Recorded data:
BEGIN
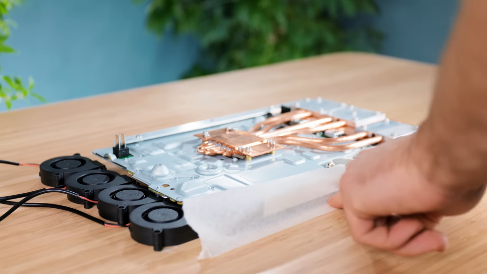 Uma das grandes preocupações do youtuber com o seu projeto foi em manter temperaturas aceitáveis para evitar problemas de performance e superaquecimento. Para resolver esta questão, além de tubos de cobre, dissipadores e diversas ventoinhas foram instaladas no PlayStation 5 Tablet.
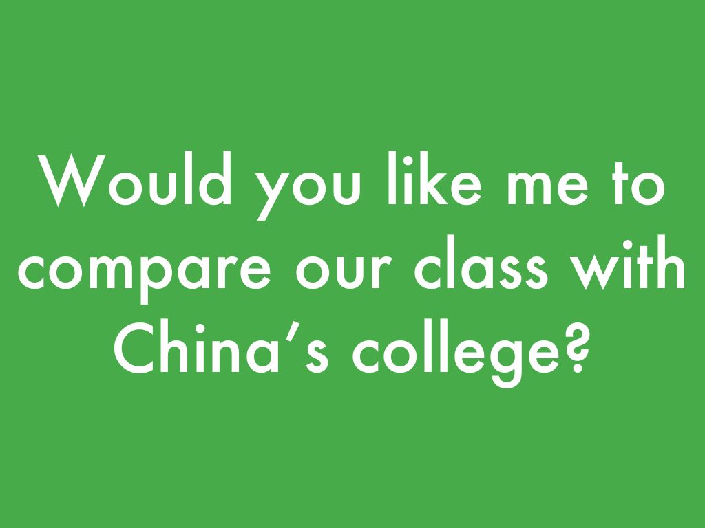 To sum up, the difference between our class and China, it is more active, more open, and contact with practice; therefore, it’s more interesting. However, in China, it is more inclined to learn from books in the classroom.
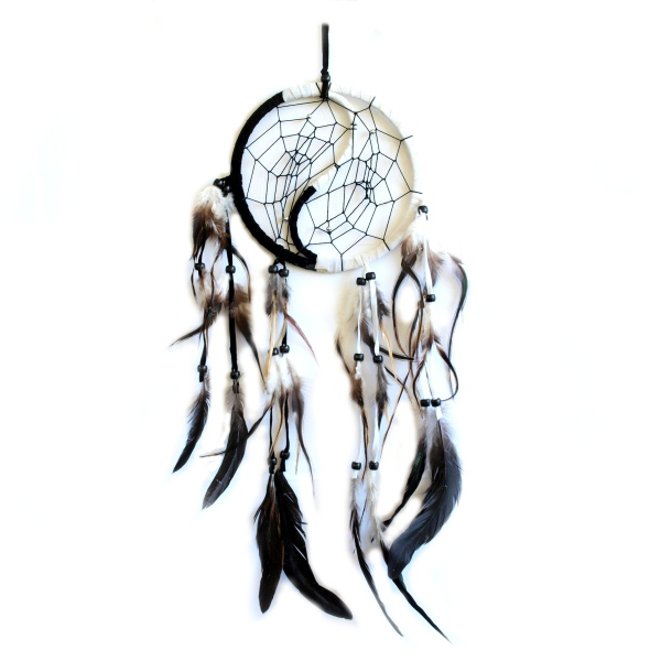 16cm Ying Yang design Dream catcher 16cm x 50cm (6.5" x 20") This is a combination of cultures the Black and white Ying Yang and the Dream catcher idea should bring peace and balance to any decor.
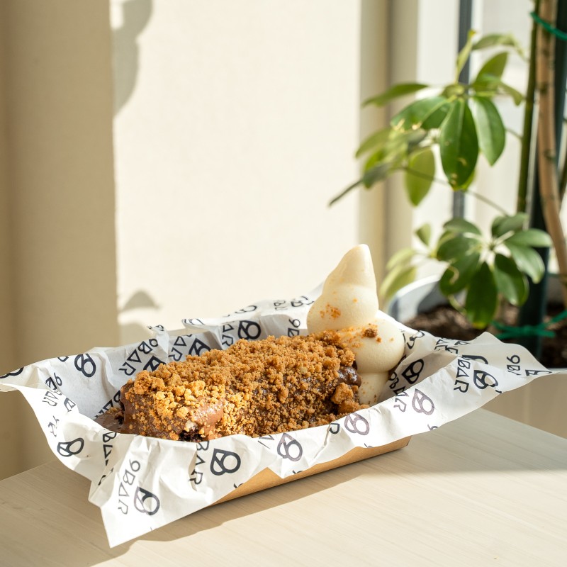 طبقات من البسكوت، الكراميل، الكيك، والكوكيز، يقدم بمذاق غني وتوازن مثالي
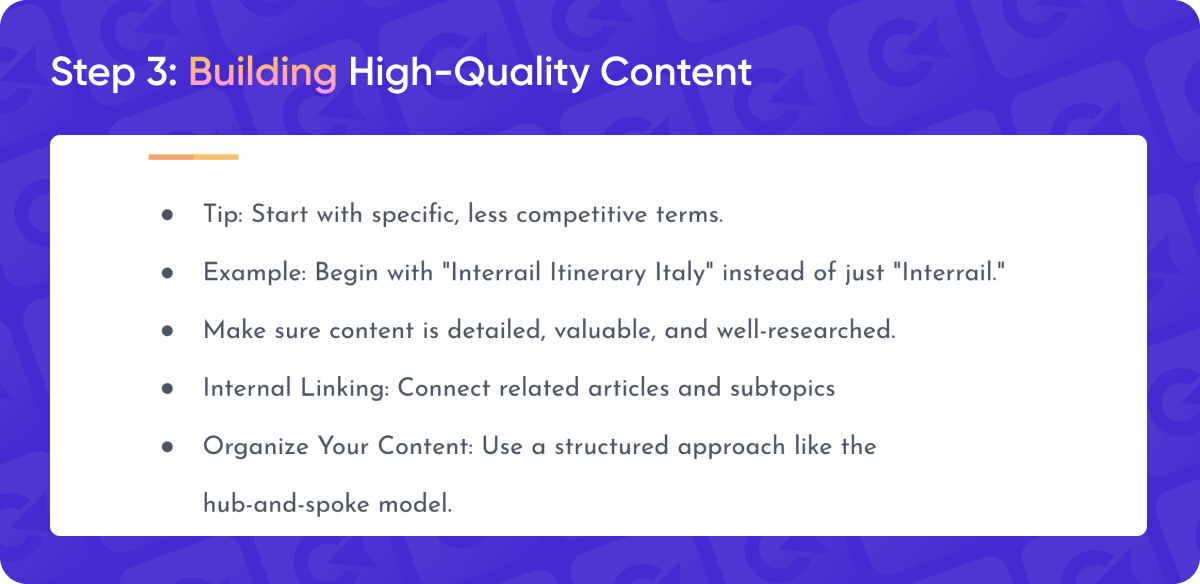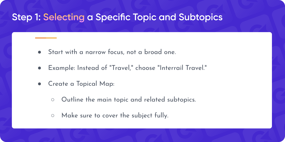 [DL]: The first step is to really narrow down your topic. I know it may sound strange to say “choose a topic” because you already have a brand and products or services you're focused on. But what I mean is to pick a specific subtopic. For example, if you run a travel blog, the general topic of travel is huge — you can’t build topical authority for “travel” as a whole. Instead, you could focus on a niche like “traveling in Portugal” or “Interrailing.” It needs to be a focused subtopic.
END
**Exercise:**
Hand back the records above exactly, leaving out every picture.

**Exercise solution:**
 Uma das grandes preocupações do youtuber com o seu projeto foi em manter temperaturas aceitáveis para evitar problemas de performance e superaquecimento. Para resolver esta questão, além de tubos de cobre, dissipadores e diversas ventoinhas foram instaladas no PlayStation 5 Tablet.
 To sum up, the difference between our class and China, it is more active, more open, and contact with practice; therefore, it’s more interesting. However, in China, it is more inclined to learn from books in the classroom.
 16cm Ying Yang design Dream catcher 16cm x 50cm (6.5" x 20") This is a combination of cultures the Black and white Ying Yang and the Dream catcher idea should bring peace and balance to any decor.
 طبقات من البسكوت، الكراميل، الكيك، والكوكيز، يقدم بمذاق غني وتوازن مثالي
 [DL]: The first step is to really narrow down your topic. I know it may sound strange to say “choose a topic” because you already have a brand and products or services you're focused on. But what I mean is to pick a specific subtopic. For example, if you run a travel blog, the general topic of travel is huge — you can’t build topical authority for “travel” as a whole. Instead, you could focus on a niche like “traveling in Portugal” or “Interrailing.” It needs to be a focused subtopic.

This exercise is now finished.